The strikes mark a continuation of military activity in the region as the conflict expands beyond initial targets.
Meanwhile, tensions increased further after US President Donald Trump issued a new warning to Iran.
He said the United States would target Iran’s power plants if the country failed to reopen the Strait of Hormuz by a specified deadline.
The strait is one of the world’s most important shipping routes for oil and gas, making it central to global energy supply.
Iran responded by linking the reopening of the waterway to the lifting of sanctions, stating that “freedom of trade” is essential for freedom of navigation.
Tehran also warned that any further attacks could trigger retaliation against US-linked financial institutions and critical infrastructure.
The situation has created uncertainty across financial markets.
Oil prices, which had surged earlier in the conflict, have started to fall back, even as military activity continues.
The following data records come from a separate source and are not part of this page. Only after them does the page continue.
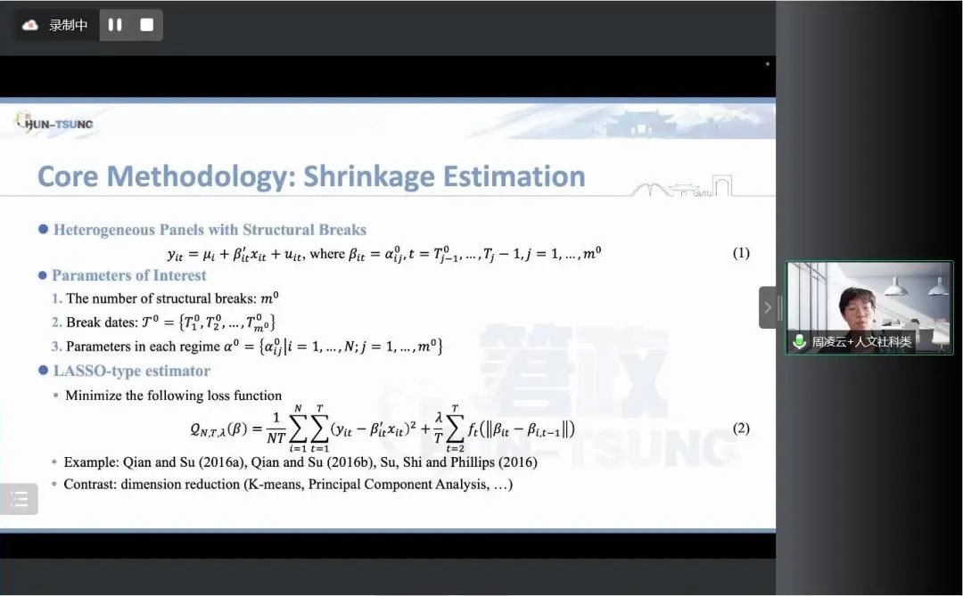 来自安泰经济与管理学院的周凌云同学为我们展示了他的课题——《具有共同结构断点和异质效应的面板数据模型》。他主要向大家介绍了对具有共同结构断点和异质效应的面板数据模型的参数估计方法。
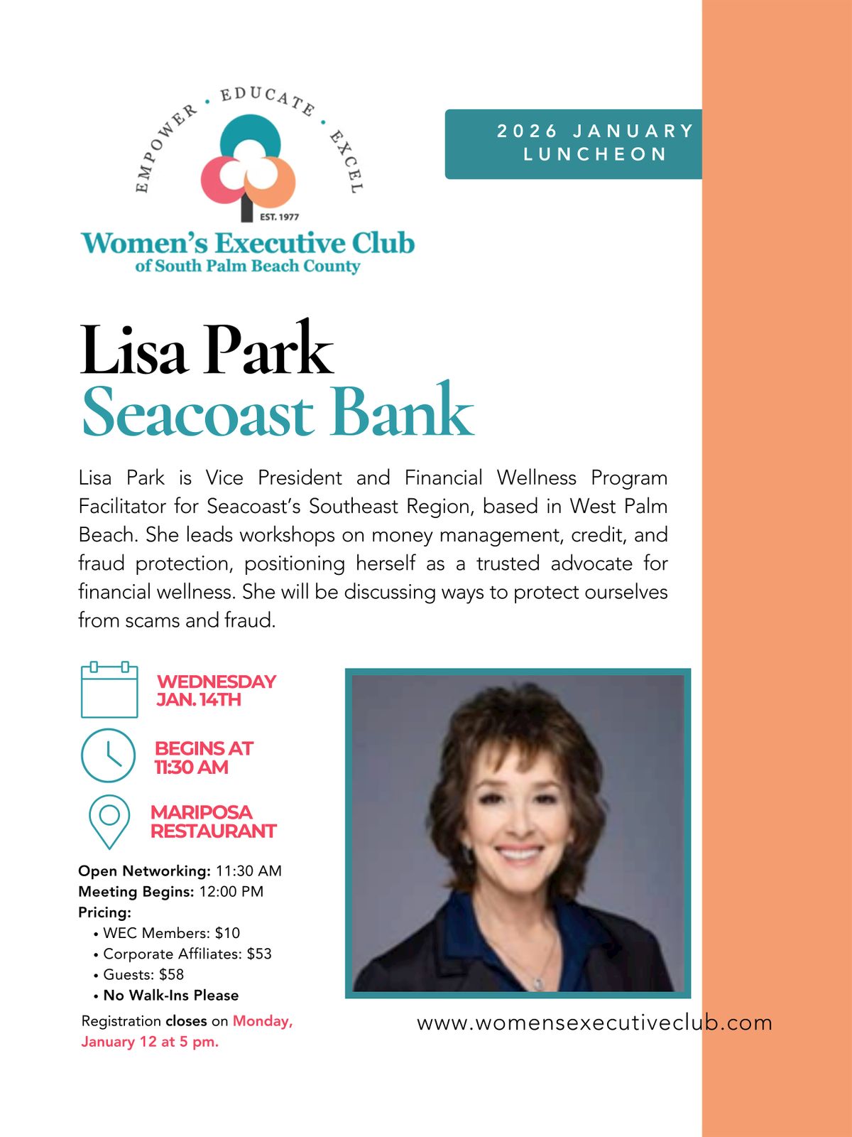 Ring in the New Year with the Ladies of WEC at our new venue Mariposa's - 2nd floor of Neiman Marcus at Boca Town Center Mall. Enter throught the parking entrance. Turn right and take the elevator to the 2nd floor. Exit right and Mariposa is at the end of the hall
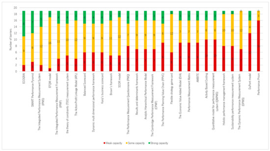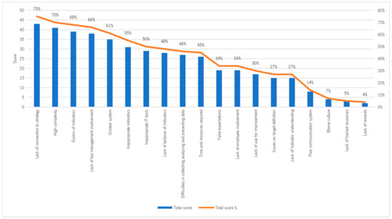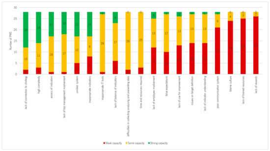 The barriers (Table 1) with the highest scores in terms of the capacity of the PMSs to address them were the lack of connection to strategy, high complexity, and excess of indicators, registering percentages of 75%, 70%, and 68%, respectively. On the other hand, the barriers with the lowest scores were poor communication system, blame culture, lack of trained resources, and lack of rewards, as can be observed in Figure 5.
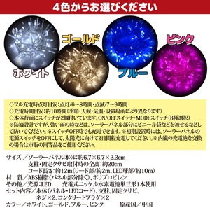●ソーラーパネルを壁面や手すり等に固定もできる仕様 夜を美しく演出するイルミネーションをご家庭でもカンタンにできるセットです。LEDを飾り付けて、ソーラーパネルを太陽光が良く当たる場所へ設置してご使用ください。ソーラーパネルは、付属の固定クサビを取り付けて、地面などに挿して立てるか、支柱にある二ヵ所の穴を使って、壁面やベランダ柵に市販のネジやハリ金等で固定することができます。明るさセンサーがパネル部分に内蔵されてますので、周囲が暗くなると自動で点灯します。周囲が明るくなると自動で消灯します。モードスイッチを押すと点灯・点滅のパターンが変わりますので、お好みで選択してください。常時点灯/じわっとホタル/派手にフラッシュ等と多彩に変化させることができます。

Gold, often considered a safe-haven asset during times of crisis, also declined.
Prices dropped by more than three percent in early trading in Asia, bringing total losses since the conflict began to over 12 percent.
Analysts suggested that the fall in gold prices may be linked to a stronger US dollar and expectations that inflation could keep interest rates elevated.
The uncertainty has also affected corporate activity.
Saudi Aramco’s chief executive, Amin Nasser, cancelled a planned appearance at a major energy conference in Houston due to the escalating situation.
Other industry figures, including Vitol chief executive Russell Hardy, also withdrew from the event.
The conference, typically one of the most significant gatherings in the energy sector, has been overshadowed by developments in the Middle East.
Saudi Aramco has already seen some of its facilities targeted during the conflict, raising concerns about the potential impact on global energy supply.
In a separate development, analysts highlighted the growing cost of defensive operations in the region.
Advanced fighter jets have been deployed to intercept waves of Iranian drones, which are typically slow-moving and low-flying.
While the aircraft have proven effective, the operations have placed significant strain on resources, including financial costs and the workload on pilots and equipment.
As military activity continues and both sides issue further warnings, markets remain sensitive to any new developments.
The combination of geopolitical risk, energy supply concerns and financial uncertainty continues to shape global economic conditions.